Царь дрожащим голоском невнятно прогундосил заученные по бумажке слова:
— Михайла Шеин, позабыв нашу государскую милость к себе, нас, Великого Государя, прогневал, а себе вечное бесчестье учинил, ибо начал добром и радетельной службою государству Московскому, а завершил подлыми изменами…
Щека царская дергалась, по вискам струился пот.

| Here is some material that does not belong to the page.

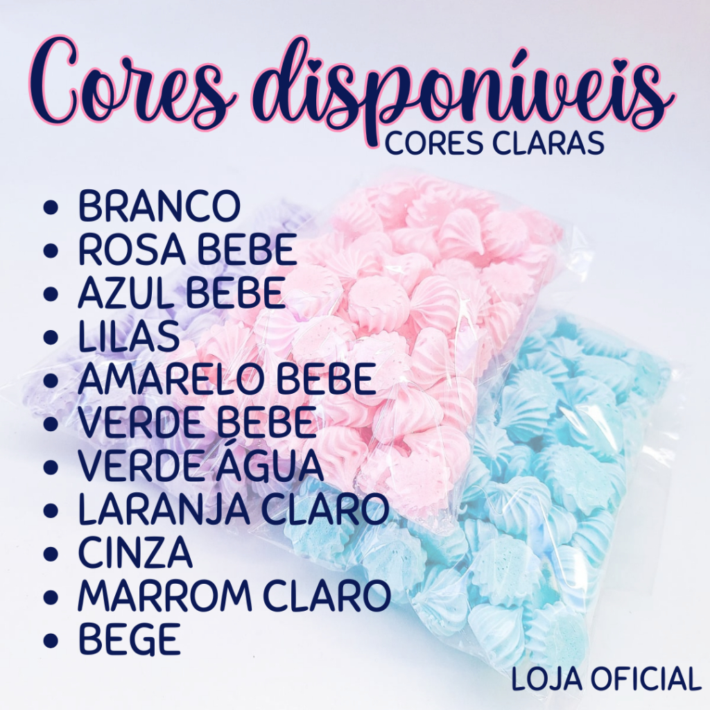 Bem vindo(a) a Los Suspireiros a sua Doceria 100% artesanal..!! Suspiros Gourmet Coloridos Kit com 1000 Unidades de Mini Suspiro Lembrancinhas Festas Os mini suspiros estão cada vez mais presentes em diversos tipos de eventos, desde a lembrancinhas de nascimento á casamento e nós estamos aqui para te proporcionar a melhor experiência. DESCRIÇÃO - Validade 90 Dias a Contar a data de Fabricação ⚠️⚠️(Sempre Produzimos no Dia do Envio)⚠️⚠️ - Indicados para a montagem de lembrancinhas - 10 Pacotes com 100 unidades de Mini Suspiros (Cento) - Até dez cores diferentes, (1 cor por pacote) ⚠️somente cores claras⚠️ - Mini Suspiros com tamanho aproximado de 3cm cada - Após realizar a compra, favor entrar em contato via chat para informar as cores desejadas. CORES DISPONIVEIS(TONS CLAROS) - BRANCO - BEGE - AZUL BEBE - AMARELO BEBE - CINZA - VERDE BEBE - TURQUESA - ROSA BEBE - LARANJA CLARO - MARROM CLARO - LILÁS ⚠️⚠️ CASO NÃO HOUVER CONFIRMÇÃO DAS CORES EM ATÉ 2 HORAS APÓS O PEDIDO SERÁ ENVIADO NA COR BRANCO ⚠️⚠️ ARMAZENAMENTO - Manter em embalagem fechada ou em potes de vidro ou herméticos para maior conservação - Suspiros são inimigos da umidade *NÃO PODEM IR A GELADEIRA! - Mantê-los em local fresco, arejado, longe do contato com o sol ou umidade. NÓS, DA LOS SUSPIREIROS, AGRADECEMOS IMENSAMENTE A SUA VISITA, ESPERAMOS TER SIDO CLAROS E OBJETIVOS EM TODAS AS INFORMAÇÕES A CIMA! CASO TENHA RESTADO QUALQUER TIPO DE DÚVIDA, NÃO HESITE EM MANDAR UMA PERGUNTA, ESTAMOS A SUA INTEIRA DISPOSIÇÃO. CONTE SEMPRE COM A GENTE!

Приговаривая к смерти Шеина, бояре не шумели гораздо по обыкновению своему, понеже каждый, местничая, считал своим святым долгом высказаться раньше и громче всех, кого почитал ниже и меньше себя, а сидели тихо, словно мыши, сознавая, быть может, какое вопиющее преступление они совершали. Перед лицом такого единодушия молчали служилые дворяне, чью сторону всегда твердо держал Шеин. Давно, увы, уж восемнадцать лет назад, скончался рубивший в глаза матку правду Минин-Сухорук, погибли бесстрашные Ляпуновы. Война всегда уносит самых лучших, самых честных, самых храбрых.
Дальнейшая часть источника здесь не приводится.